Flame Self-interaction and Flow Topology in Turbulent Homogeneous Mixture n-Heptane MILD Combustion

Abstract

Moderate or Intense Low-oxygen Dilution (MILD) combustion has potential to achieve both high energy efficiency and ultra-low emissions. This analysis adopts the critical point theory to characterise the Flame-Self Interaction (FSI) events and flow topologies in turbulent, homogeneous mixture, n-Heptane MILD combustion using Direct Numerical Simulations (DNS) with reduced chemical mechanism. The local flame geometry has also been categorised using the mean and Gauss curvatures.
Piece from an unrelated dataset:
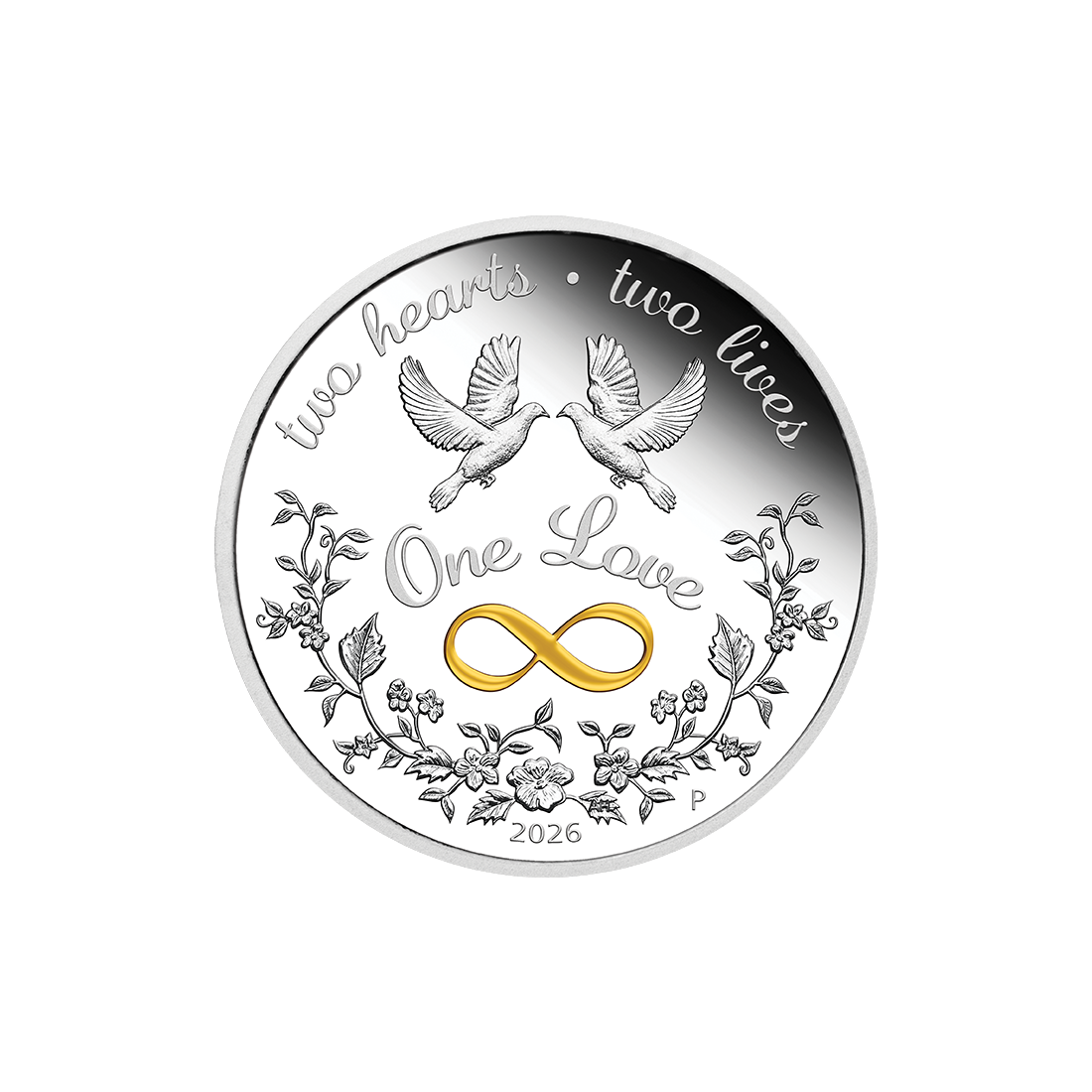The reverse side of the One Love 2026 coin catches the eye with its intricately crafted details that convey a profound message. The centerpiece of the composition is two doves, symbolizing peace and harmony, approaching each other above a gilded infinity symbol. The whole is surrounded by a delicate garland of flowers and the inscriptions "two hearts • two lives" and "One Love." The use of selective gilding and matte and mirrored surfaces (standard proof) enhances the aesthetic value of the product, making it a desirable item on the secondary market. The precision with which the birds' feathers and subtle vines have been rendered is testament to the highest minting standards.

It was found that the Tunnel Formation (TF) and Tunnel Closure (TC) topologies are the most probable FSI events at all values of the reaction progress variable c, while the Unburned Pocket (UP) and Burned Pocket (BP) topologies were mostly present towards the unburned and burned mixtures of the flame, respectively. Moreover, increasing the turbulence intensity did not result in any significant changes in the distribution of FSI events. Investigation of the flow topology distribution showed that the features associated with non-zero dilatation rate did not exist in the MILD cases considered. This is a consequence of the negligible thermal expansion effect due to the small temperature rise in MILD combustion cases. Increasing the dilution factor caused a reduction in the frequency of FSI events for all c levels. The distributions of flame self-interaction events in homogeneous mixture MILD combustion have been found to be significantly different from previously reported distributions for conventional turbulent premixed combustion.